7月10日から11日(日本時間)にかけて、国際的に重要度の高いニュースを整理しました。ホルムズ海峡を巡る緊張が一段と制度的な対立へと深まっている点や、AI技術の評価基準が変化している点が主要なトピックです。

以下に重要度順のハイライトを10本選出しました。

  1. ホルムズ海峡危機:IMOがイランの管理権限を否定
    国際海事機関(IMO)理事会は、イランによるペルシャ湾海峡庁(PGSA)を通じた通航管理を強く非難しました。法的拘束力はないものの、国際航行の自由を巡る対立が「通航量の減少」から「制度・管轄権を巡る対立」へと深刻化しています。
  2. 日本関係船舶、ホルムズ海峡からほぼ退避
    海峡の緊張を受け、日本関係船舶(原油タンカー含む)は湾内から大半が退出。残存船舶は4隻まで減少し、日本のエネルギー輸送におけるリスク回避措置が事実上完了しました。
  3. AI業界の転換点:モデルの性能から「実務完遂力」へ
    xAI社の「Grok 4.5」に対する独立検証結果(幻覚率の高さなど)が公開され、AI競争の軸が単なるモデルの巨大化から、監督なしでいかに安価かつ確実に実務を完遂できるかという「実用性」へシフトしています。
  4. ドイツで大規模な鉄道通信障害
    ドイツ鉄道(DB)で通信システムに大規模な障害が発生し、全国的に運行が一時停止しました。インフラのデジタル依存リスクが改めて浮き彫りとなりました。
  5. ドイツ連立与党が経済改革パッケージを公表
    景気停滞が懸念される中、雇用促進や経済回復を目指す34項目の改革パッケージが発表されました。欧州経済のエンジンであるドイツの動向として注目されています。
  6. フランス大統領選に向けた政治情勢(国民連合)
    極右「国民連合」のルペン氏が2度目の有罪判決を受けつつも、2027年の大統領選への立候補を改めて表明しました。フランスの政治的不透明感が続いています。

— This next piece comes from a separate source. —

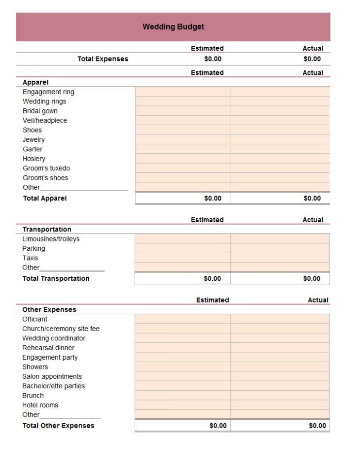 Wedding Budget Form

  7. カナダ、次期潜水艦の調達でドイツ企業を選定
    NATOとの相互運用性を重視し、カナダ政府が次期潜水艦の調達先としてドイツ企業を選定しました。国防予算と国際協調のバランスが再確認されています。
  8. 米国、対イラン報復の余波と石油市場の混乱
    ホルムズ海峡での商船攻撃と報復が続く中、米エネルギー省(EIA)は供給不安による油価変動を予測。原油市場の乱高下が依然として続いています。
  9. 米国USTR、強制労働産品の輸入制限公聴会
    強制労働に関連する製品の輸入禁止措置に関し、関税案を巡る公聴会が開催されました。国際的なサプライチェーンの透明性と人権基準の厳格化が進んでいます。
  10. 「アニメエキスポ2026」米ロサンゼルスで開催
    米最大級のアニメイベントが開催され、日本コンテンツの国際的な市場価値が改めて示されました。文化ソフトパワーの経済的影響力が継続的に拡大しています。